Opinion mining has been an active research area in recent years. The task is to extract opinions expressed on entities and their attributes. For example, the sentence, "I love the picture quality of Sony cameras," expresses a positive opinion on the picture quality attribute of Sony cameras. Sony is the entity. This paper focuses on mining entities (e.g., Sony). This is an important problem because without knowing the entity, the extracted opinion is of little use. The problem is similar to the classic named entity recognition problem. However, there is a major difference. In a typical opinion mining application, the user wants to find opinions on some competing entities, e.g., competing or relevant products. However, he/she often can only provide a few names as there are too many of them. The system has to find the rest from a corpus. This implies that the discovered entities must be of the same type/class. This is the set expansion problem. Classic methods for solving the problem are based on distributional similarity.
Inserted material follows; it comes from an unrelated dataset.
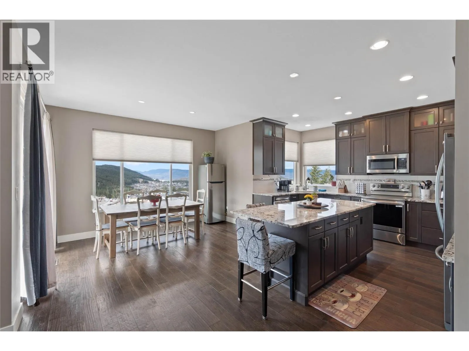 Nestled in the highly sought-after Aberdeen neighbourhood of Kamloops, this upscale executive home offers breathtaking panoramic views of the city, mountains, and river, while backing onto a peaceful wildlife corridor for added privacy and natural beauty. Designed with both comfort and style in mind, the open-concept main floor features soaring ceilings and a beautifully appointed custom kitchen complete with stainless steel appliances, granite countertops, a walk-in pantry, and convenient access to the mudroom off the garage, making everyday living effortless. Step out onto the large covered deck and take in the stunning views while enjoying your morning coffee or hosting evening BBQs. The fully fenced backyard backs onto the wildlife corridor, creating a serene outdoor setting with no direct rear neighbours. With 5 spacious bedrooms and 4 bathrooms, this home offers plenty of room for a growing family or guests. The primary suite is a true retreat, featuring a generous walk-in closet and a luxurious 5-piece ensuite with double sinks, a soaker tub, and a separate walk-in shower. The bright basement offers even more living space with a large rec room,2 bedroom full bathroom , full daylight, and a separate entrance, ideal for family or future suite potential. Additional highlights include RV parking and an oversized double garage. Located within walking distance to Pacific Way Elementary, this home combines luxury, functionality, privacy, and an unbeatable location. (id:27476)
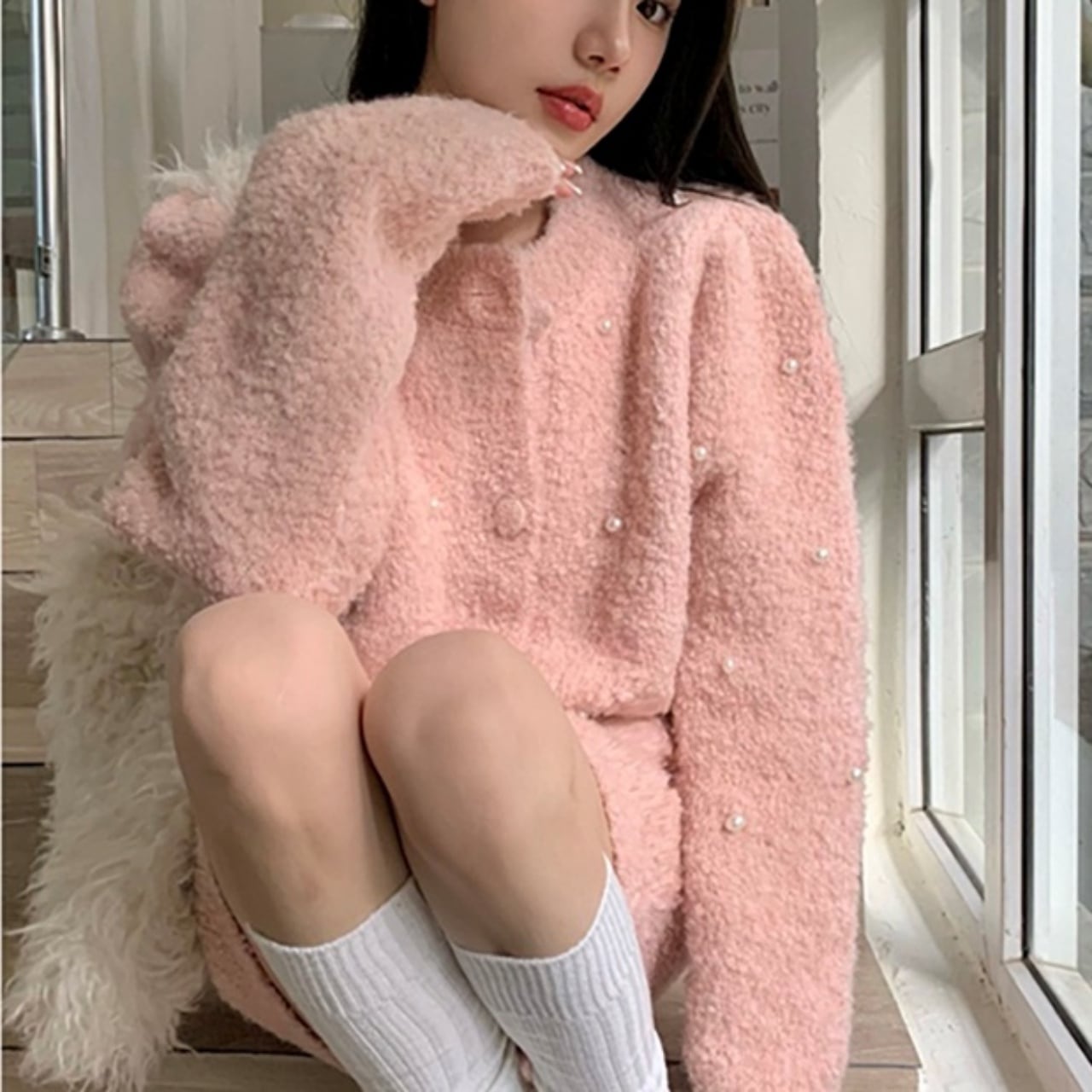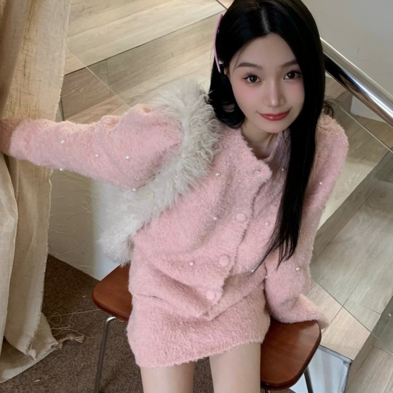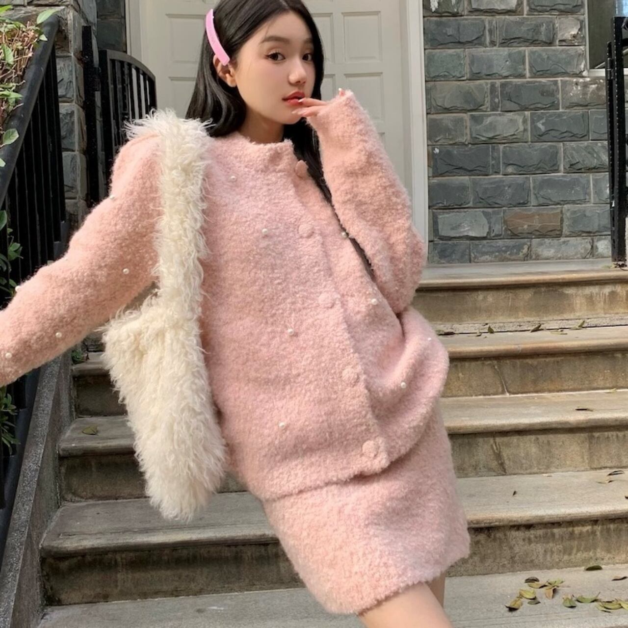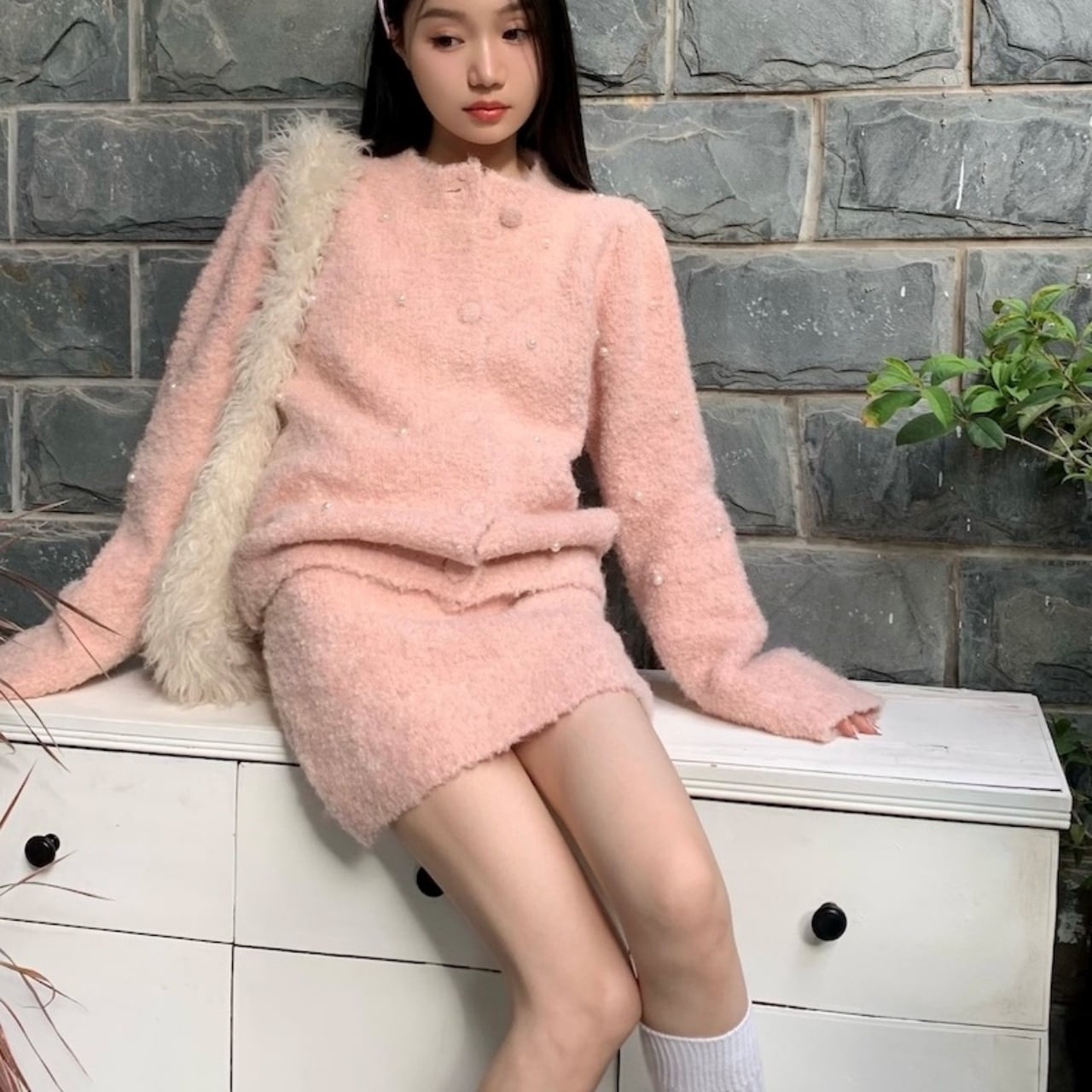 セットアップ トップス スカート レディース ふわふわ カーディガン 部屋着 ナイトウェア ミニスカート ショート丈 長袖 萌袖 ふわふわ 前開き スリム タイト 細身 もこもこ ラブリー キュート ガーリー ルーズ セクシー 送料無料 ニット 2点セット 上下セット ツーピース フリーサイズ 春 秋 冬 ピンク くすみカラー 10代 20代 30代 イベント インスタ映え デート お出かけ お泊り 休日 美脚 脚長 新作 韓国系 コーデ スタイル 楽ちん モテ 普段使い 韓国 お嬢様 ガーリー

However, we found this method is inaccurate. We then employ a learning-based method called Bayesian Sets. However, directly applying Bayesian Sets produces poor results. We then propose a more sophisticated way to use Bayesian Sets. This method, however, causes two major problems: entity ranking and feature sparseness. For entity ranking, we propose a re-ranking method to solve the problem. For feature sparseness, we propose two methods to re-weight features and to determine the quality of features. These methods help improve the mining results substantially. Additionally, like any learning algorithm, Bayesian Sets requires the user to engineer a set of features. We design some generic features based on part-of-speech tags of words for learning, which thus does not need to engineer features for each specific domain. Experimental results using 10 real-life datasets from diverse domains demonstrated the effectiveness of the proposed technique.
意见文件中的实体集扩展
近年来,舆论挖掘一直是一个活跃的研究领域。任务是提取对实体及其属性表达的意见。例如,“I love the picture quality of Sony相机”这句话表达了对索尼相机的画质属性的积极评价。索尼是实体。本文关注的是矿业实体(例如索尼)。这是一个重要的问题,因为在不了解实体的情况下,提取的意见几乎没有用处。这个问题类似于经典的命名实体识别问题。然而,有一个主要的区别。在一个典型的意见挖掘应用程序中,用户想要找到一些竞争实体的意见,例如,竞争或相关的产品。然而,他/她往往只能提供几个名字,因为他们太多了。系统必须从语料库中找到其余的。这意味着发现的实体必须具有相同的类型/类。这是集合展开问题。解决该问题的经典方法是基于分布相似度。然而,我们发现这种方法是不准确的。然后我们使用一种基于学习的方法,称为贝叶斯集。然而,直接应用贝叶斯集会产生很差的结果。然后,我们提出了一种更复杂的方法来使用贝叶斯集。然而,这种方法会导致两个主要问题:实体排序和特征稀疏性。对于实体排序,我们提出了一种重新排序的方法来解决这个问题。对于特征稀疏性,我们提出了两种方法来重新加权特征和确定特征的质量。这些方法大大提高了采矿效果。此外,像任何学习算法一样,贝叶斯集要求用户设计一组特征。我们设计了一些基于词性标签的通用特征用于学习,这样就不需要为每个特定领域设计特征。使用来自不同领域的10个真实数据集的实验结果证明了所提出技术的有效性。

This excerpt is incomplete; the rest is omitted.